France, a safe haven?

In common with many other German Jews, Karl Gutmann believed that France would be a safe haven. By the time the Second World War broke out in September 1939, most German Jews who had not been interned in camps or deported had already fled to other countries. Between 1939 and 1941, Jews were stripped of their assets and, in many cases, had also lost their jobs. Life in Germany was becoming increasingly difficult for them. Then, in 1941, the government became even more extremist, and all Jews were obliged to wear the yellow star. The first deportations took place at around the same time.

There is no record of when Karl arrived in France or whether he did so legally, but the Paris Security Police kept a file on his wife, Anneliese, which dates back to 1937[6]. Might they have moved to France together?

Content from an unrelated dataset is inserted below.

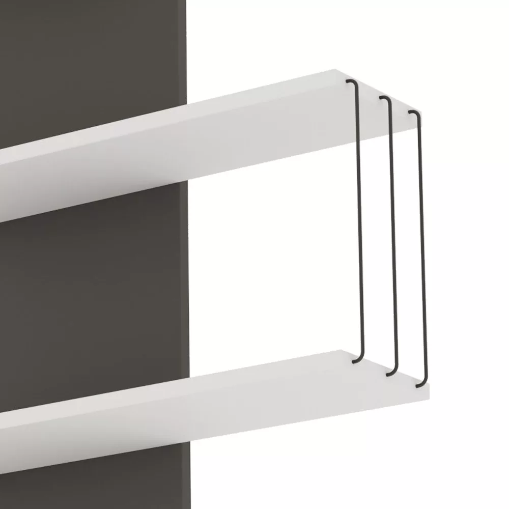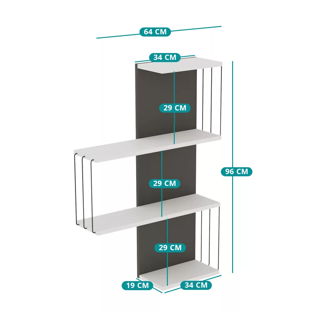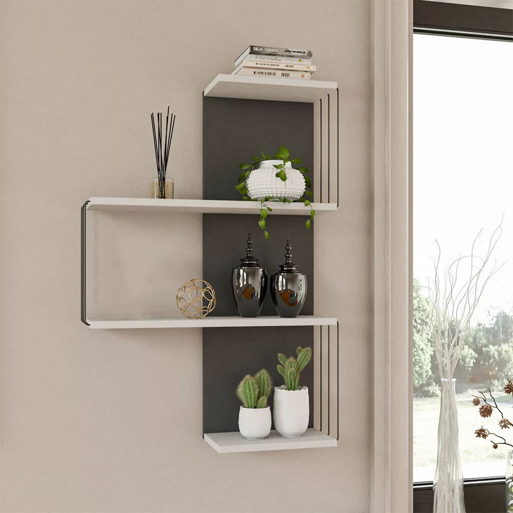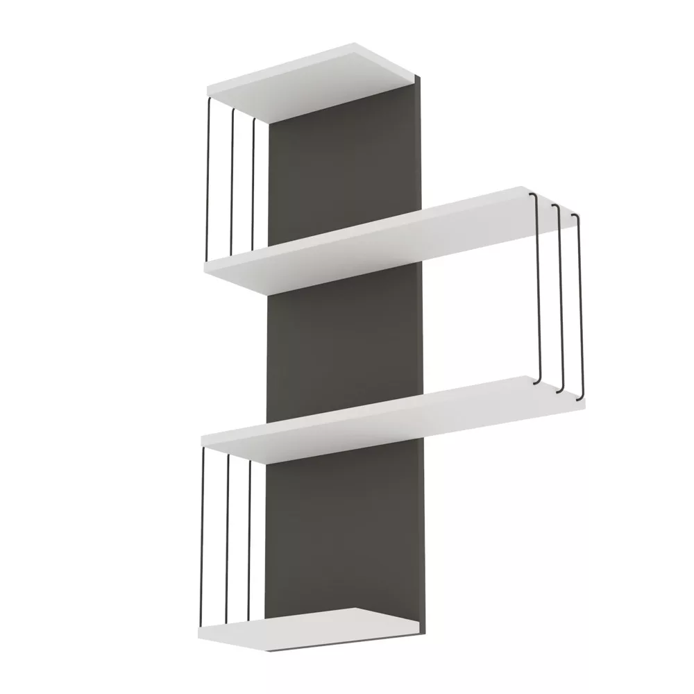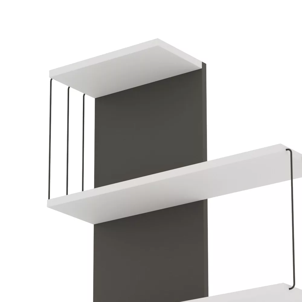 Połączenie bieli i antracytu oferuje nowoczesny, elegancki wygląd. Geometryczny układ przekształca ją w oszałamiającą dekorację ścienną, jednocześnie zapewniając praktyczną powierzchnię do przechowywania.
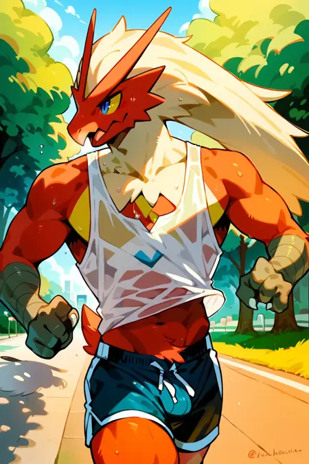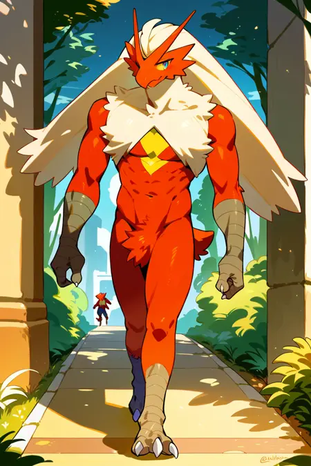 Trigger word: BlazikenPXLReinforcement Tags: anthro, yellow sclera, blue eyes,

Before the war, Karl lived at 5 Rue de la Fromagerie in Lyon, in the Rhone department of France, at least according to Marthe Kann, who was living in Cahors, in the Lot department, in January 1947. Karl’s mother, Babette Gutmann, née Kahn, who was then living in the United States, at 5405 Ingelside Avenue, Chicago, Illinois, asked Marthe Kahn to try to find out what had happened to her son. The last time she had heard from him was on September 14, 1942. In addition, a letter she sent him in August 1942 was returned to her in January 1943 with the words “opened by examiner” written on it. This goes to show how international mail was intercepted during the war. Marthe Kann’s letter says that after the Germans took over control of the “southern zone” from the Vichy government, Karl Gutmann sought refuge in Cannes, on the south coast of France. Marthe had heard that he had gotten sick and died. Other sources, however, suggest that he moved to Paris.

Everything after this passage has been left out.